Saved data entries:
------------------------------------------------------------

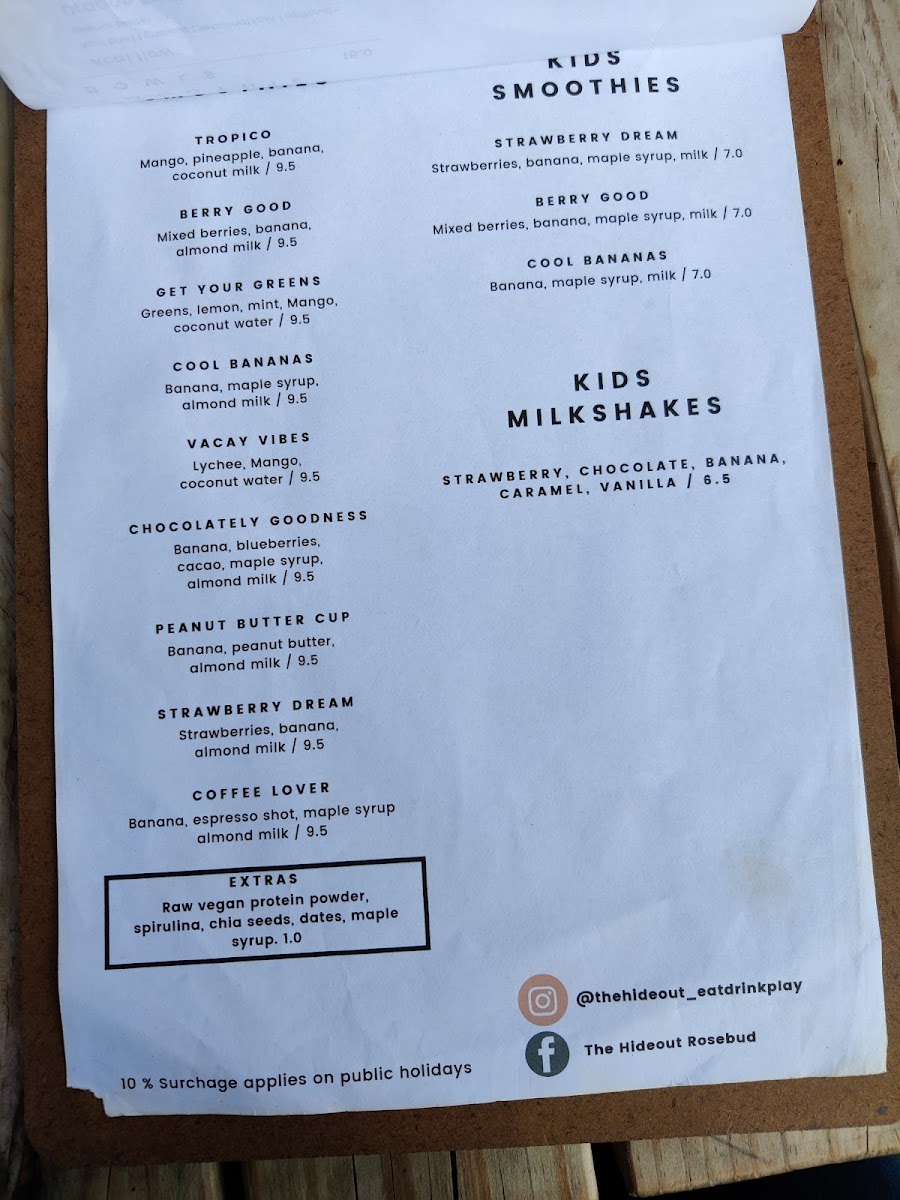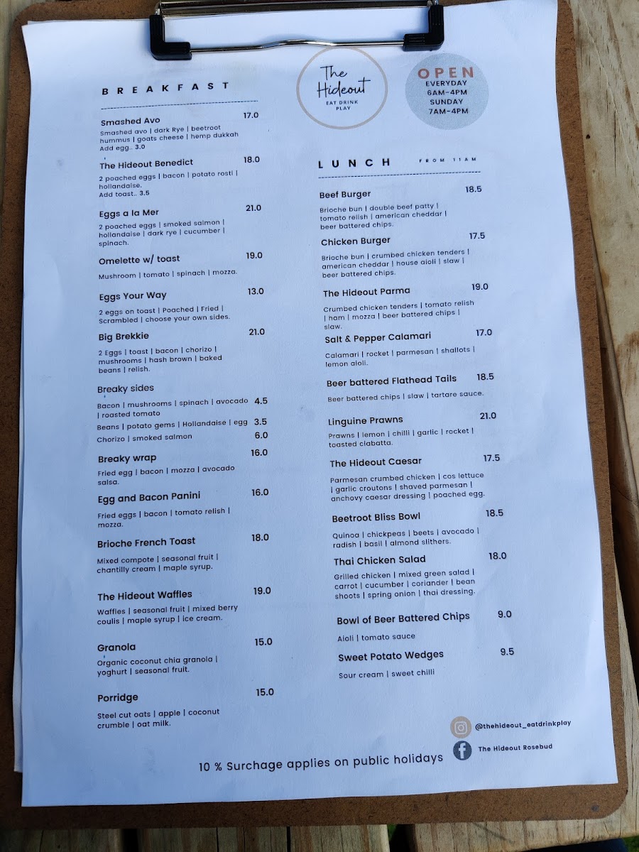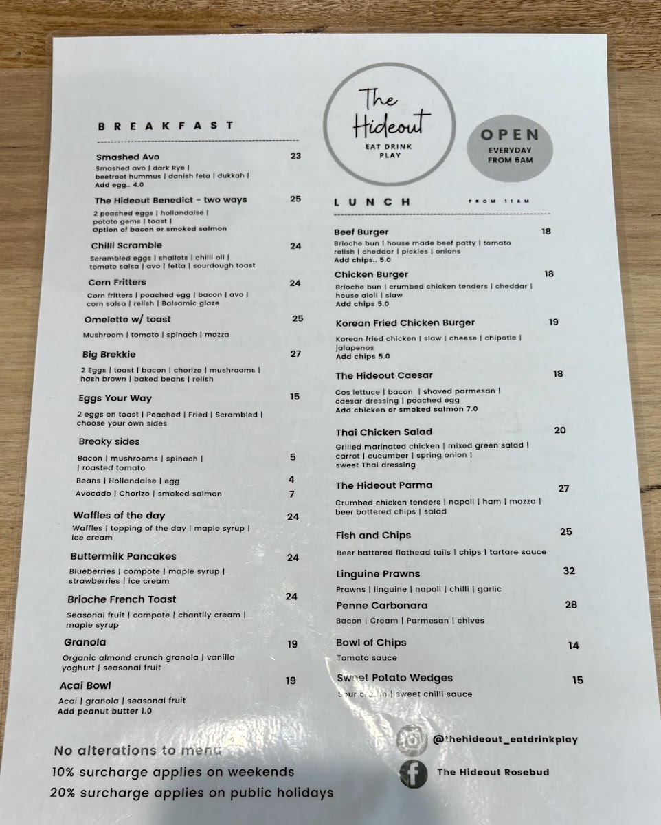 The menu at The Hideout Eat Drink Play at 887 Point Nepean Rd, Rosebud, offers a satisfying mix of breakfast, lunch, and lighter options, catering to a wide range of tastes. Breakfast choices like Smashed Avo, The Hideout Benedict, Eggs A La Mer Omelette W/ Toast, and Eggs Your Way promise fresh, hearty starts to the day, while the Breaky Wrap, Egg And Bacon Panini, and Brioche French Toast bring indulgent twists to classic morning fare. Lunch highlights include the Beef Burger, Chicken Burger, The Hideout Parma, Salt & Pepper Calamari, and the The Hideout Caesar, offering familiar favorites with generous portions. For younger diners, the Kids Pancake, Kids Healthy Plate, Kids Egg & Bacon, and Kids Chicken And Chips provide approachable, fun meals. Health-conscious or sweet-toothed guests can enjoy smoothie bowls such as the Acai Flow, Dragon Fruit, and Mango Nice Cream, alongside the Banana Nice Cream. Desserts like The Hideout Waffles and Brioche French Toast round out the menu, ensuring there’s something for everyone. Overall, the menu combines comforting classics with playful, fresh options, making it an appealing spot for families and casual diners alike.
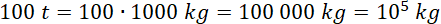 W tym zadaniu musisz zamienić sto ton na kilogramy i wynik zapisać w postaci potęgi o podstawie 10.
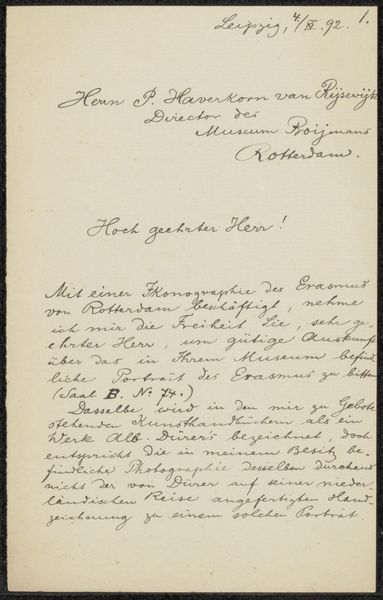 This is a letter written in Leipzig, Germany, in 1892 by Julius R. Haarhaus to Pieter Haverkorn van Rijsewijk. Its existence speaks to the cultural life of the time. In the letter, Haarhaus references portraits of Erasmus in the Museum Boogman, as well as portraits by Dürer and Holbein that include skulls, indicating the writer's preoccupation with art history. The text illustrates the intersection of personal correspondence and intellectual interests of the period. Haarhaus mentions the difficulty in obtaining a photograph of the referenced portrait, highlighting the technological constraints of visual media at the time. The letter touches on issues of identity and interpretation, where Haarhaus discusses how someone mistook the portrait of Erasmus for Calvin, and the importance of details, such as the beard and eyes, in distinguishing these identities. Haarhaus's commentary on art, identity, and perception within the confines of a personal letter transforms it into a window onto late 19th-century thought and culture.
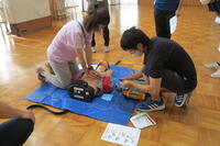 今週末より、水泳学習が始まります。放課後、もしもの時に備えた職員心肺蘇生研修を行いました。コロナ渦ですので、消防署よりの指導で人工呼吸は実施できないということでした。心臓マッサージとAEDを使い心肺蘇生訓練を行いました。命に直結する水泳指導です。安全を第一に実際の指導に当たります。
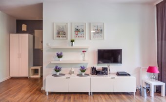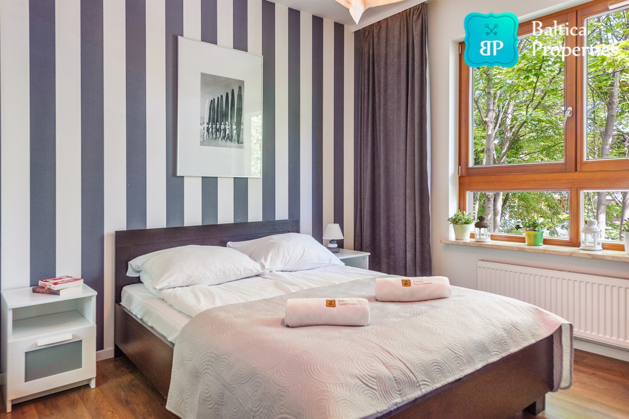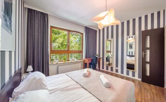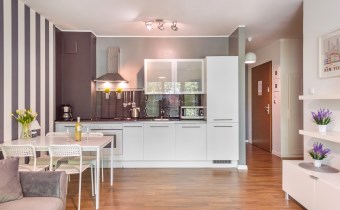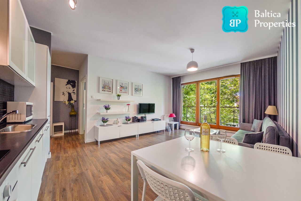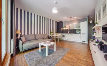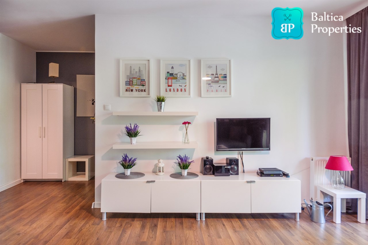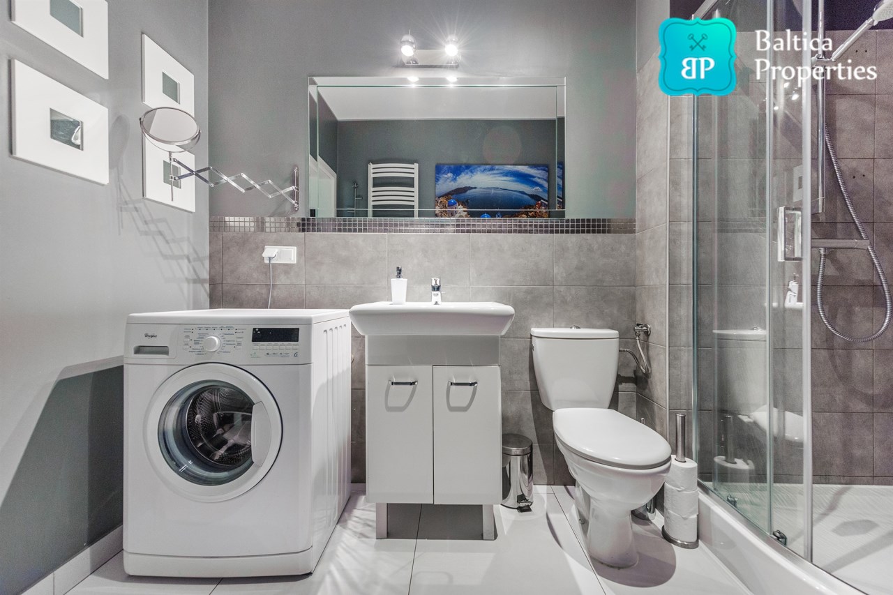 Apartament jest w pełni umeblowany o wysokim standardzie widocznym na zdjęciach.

------------------------------------------------------------

> [Work order] When restating the records word for word, omit any picture they contain.

> [Expected answer]
 The menu at The Hideout Eat Drink Play at 887 Point Nepean Rd, Rosebud, offers a satisfying mix of breakfast, lunch, and lighter options, catering to a wide range of tastes. Breakfast choices like Smashed Avo, The Hideout Benedict, Eggs A La Mer Omelette W/ Toast, and Eggs Your Way promise fresh, hearty starts to the day, while the Breaky Wrap, Egg And Bacon Panini, and Brioche French Toast bring indulgent twists to classic morning fare. Lunch highlights include the Beef Burger, Chicken Burger, The Hideout Parma, Salt & Pepper Calamari, and the The Hideout Caesar, offering familiar favorites with generous portions. For younger diners, the Kids Pancake, Kids Healthy Plate, Kids Egg & Bacon, and Kids Chicken And Chips provide approachable, fun meals. Health-conscious or sweet-toothed guests can enjoy smoothie bowls such as the Acai Flow, Dragon Fruit, and Mango Nice Cream, alongside the Banana Nice Cream. Desserts like The Hideout Waffles and Brioche French Toast round out the menu, ensuring there’s something for everyone. Overall, the menu combines comforting classics with playful, fresh options, making it an appealing spot for families and casual diners alike.
 W tym zadaniu musisz zamienić sto ton na kilogramy i wynik zapisać w postaci potęgi o podstawie 10.
 This is a letter written in Leipzig, Germany, in 1892 by Julius R. Haarhaus to Pieter Haverkorn van Rijsewijk. Its existence speaks to the cultural life of the time. In the letter, Haarhaus references portraits of Erasmus in the Museum Boogman, as well as portraits by Dürer and Holbein that include skulls, indicating the writer's preoccupation with art history. The text illustrates the intersection of personal correspondence and intellectual interests of the period. Haarhaus mentions the difficulty in obtaining a photograph of the referenced portrait, highlighting the technological constraints of visual media at the time. The letter touches on issues of identity and interpretation, where Haarhaus discusses how someone mistook the portrait of Erasmus for Calvin, and the importance of details, such as the beard and eyes, in distinguishing these identities. Haarhaus's commentary on art, identity, and perception within the confines of a personal letter transforms it into a window onto late 19th-century thought and culture.
 今週末より、水泳学習が始まります。放課後、もしもの時に備えた職員心肺蘇生研修を行いました。コロナ渦ですので、消防署よりの指導で人工呼吸は実施できないということでした。心臓マッサージとAEDを使い心肺蘇生訓練を行いました。命に直結する水泳指導です。安全を第一に実際の指導に当たります。
 Apartament jest w pełni umeblowany o wysokim standardzie widocznym na zdjęciach.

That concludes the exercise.